League / conference affiliations
- Independent

= Pitcairn Quakers =

American football team

The Pitcairn Quakers were a professional American football team from Pitcairn, Pennsylvania, United States. The team played as an independent from 1904 until 1920 and featured the best players in the community as well as some famous college-level players. A few of the players were college All-Americans. At one time, the team was loaded with Native Americans from nearby Carlisle Indian School. The team played many of the Midwestern teams that would later become future members of the National Football League.

==History==

===Origin===
The Quakers were established in 1904 out of a local need for sports entertainment. The team was founded by Clyde Collins, his cousin John Johnstonbaugh and former Pitt quarterback Terry DeLozier, who became the team's first coach. Ed Johnston became the team's coach in 1914 and brought with him many ex-college players.

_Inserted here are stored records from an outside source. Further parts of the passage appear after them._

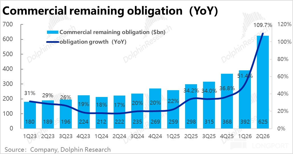 上次业绩时,海豚君就已提及,在 10 月份在重新商定了与微软的合作关系后,OpenAI 依然向 Azure 签订了合计约$2500 亿使用承诺合同,这反应到了本季财报中。此外,先前微软和 Anthropic 宣布的合作(约 300 亿美金)也有贡献。
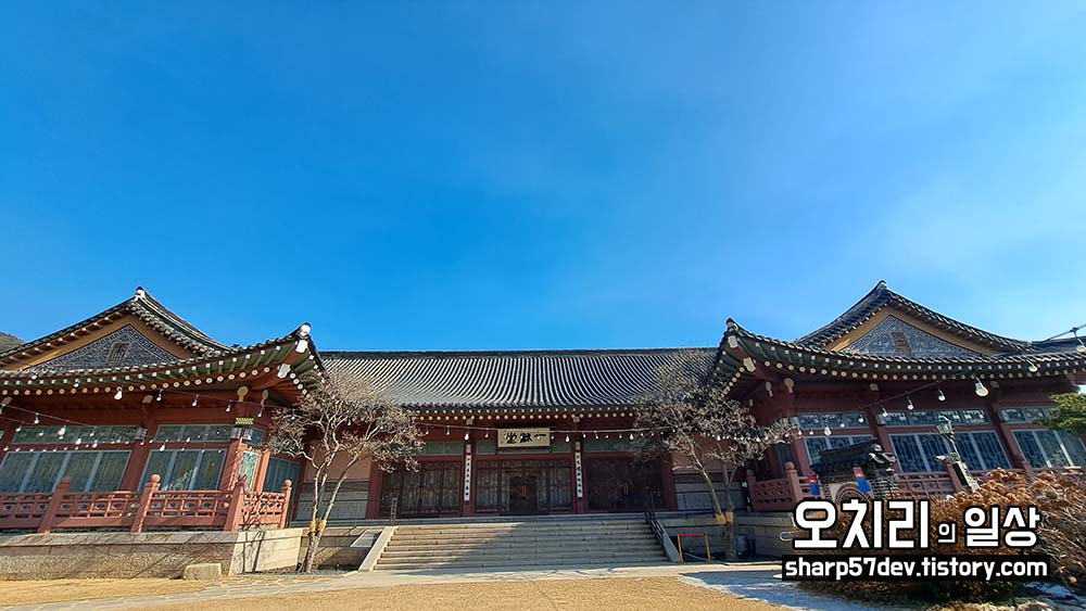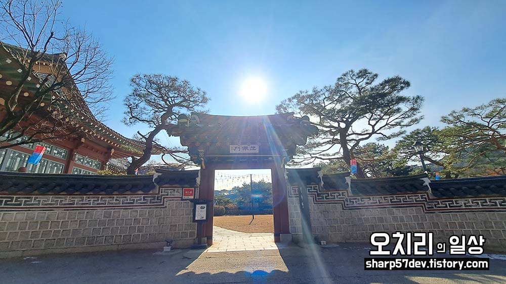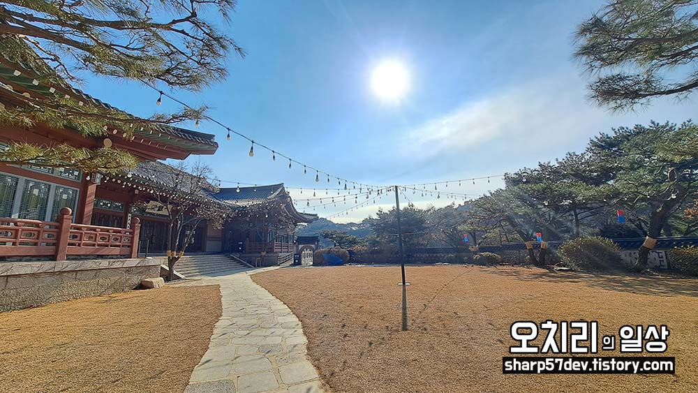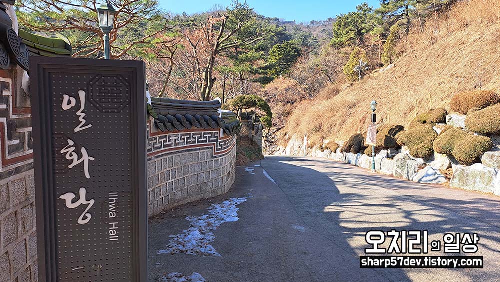 한식당을 찾아 돌길을 걸어가는데 왼쪽에는 일화당이 떡~ 하니 자리잡고 있는 것이 보였습니다. 꽤나 큰 한옥이었으며 마당도 넓고, 그리고 제가 간 이날은 날씨가 너무 좋아서 파란 하늘까지 보여주니 너무나 웅장하고 멋지게 보이는 한옥이었습니다.
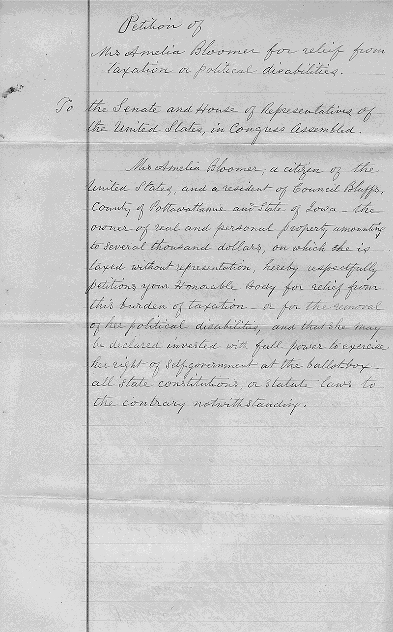 Petition from Mrs. Amelia Bloomer
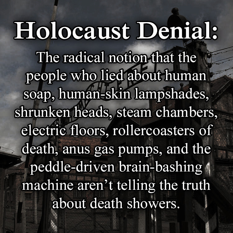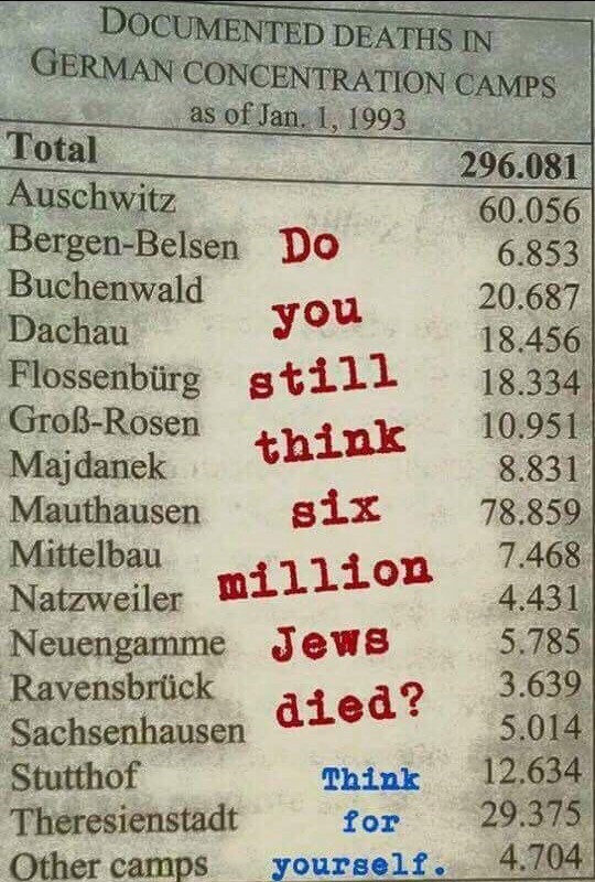 Ideea radicală că acele (((persoane))) care au mințit în legătură cu săpun făcut din grăsime umană, veioze create din piele umană, cameră cu aburi, podele electrice, montagne russe ale morții, pompe de gazare prin anus, mașini de strivirea creierului – nu au spus adevărul despre camere de gazare cu insecticid.
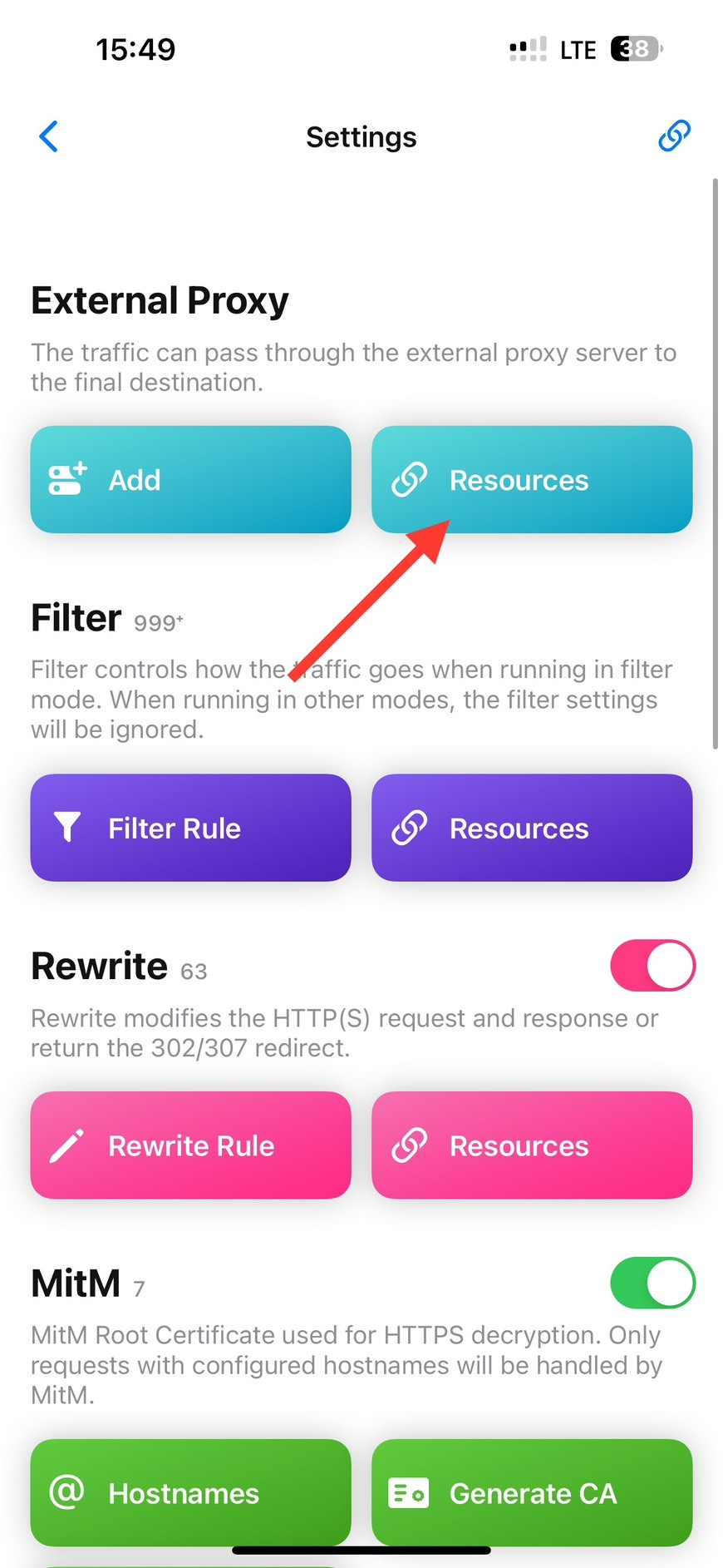 Chọn Resources tại mục External Proxy
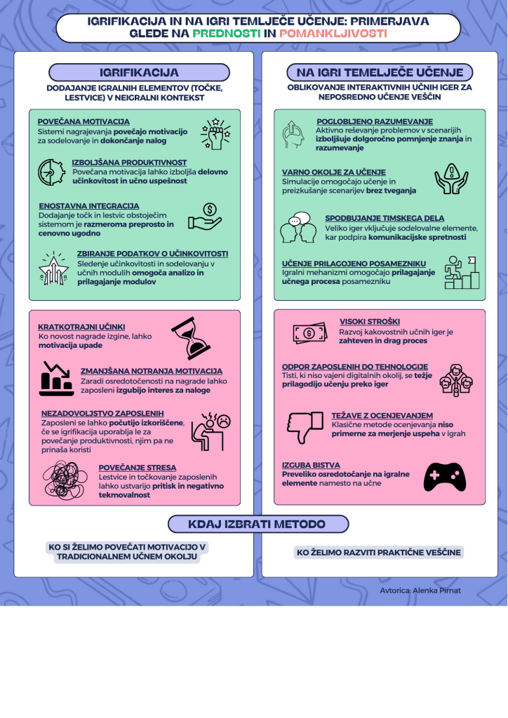 Infografika prikazuje primerjavo med igrifikacijo in na igri temelječim učenjem. Igrifikacija prinaša prednosti, kot so večja motivacija, boljša produktivnost, enostavna integracija v obstoječe sisteme ter možnost zbiranja podatkov o učinkovitosti, vendar ima tudi slabosti, kot so kratkotrajni učinki, zmanjšanje notranje motivacije, nezadovoljstvo zaposlenih in povečan stres zaradi tekmovalnosti.
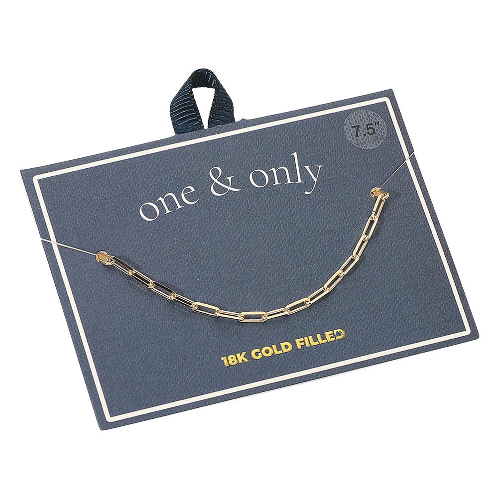 Details • Size : 0.1" H (3mm), 7.5" L • Elegant chain bracelet featuring a minimalist link design for timeless sophistication. Lightweight and versatile, it’s perfect for layering or wearing alone. Presented on a “one & only” card for effortless gifting and everyday elegance. • Lead and Nickel Compliant • Gold Filled • Made In Brazil

Later George Vedernack, a friend of Jim Thorpe, became the team's coach. The team usually played on consecutive days, usually Saturdays and Sundays. They would at times play up to five games in a span of only nine days.

===Pop Warner===
After Glenn "Pop" Warner took over as the head football coach at Pitt, he decided to try out his experimental plays for the Panthers on the Quakers. If those plays were workable, Warner would then use them against his college opponents. As a result, the forward pass and the criss-cross formation were used by the Quakers in 1914 and later by Pitt in the early 1920s. The forward pass once resulted in a 140-0 Quakers victory over a team from nearby South Fork. During that game, the Quakers completed 14 consecutive passes.

===Into the Midwest===
In 1915, the Quakers, after establishing themselves as the top team in the Pittsburgh area, decided to venture into the Midwest and play many of the top teams from Indiana and Ohio. After a $12,000 investment made by the team's manager, the Quakers began to establish a loyal fan base and began play in the Midwest. During this time, the Quakers played against Ohio League teams such as the Canton Bulldogs, Massillon Tigers, Fort Wayne Friars and Dayton Triangles.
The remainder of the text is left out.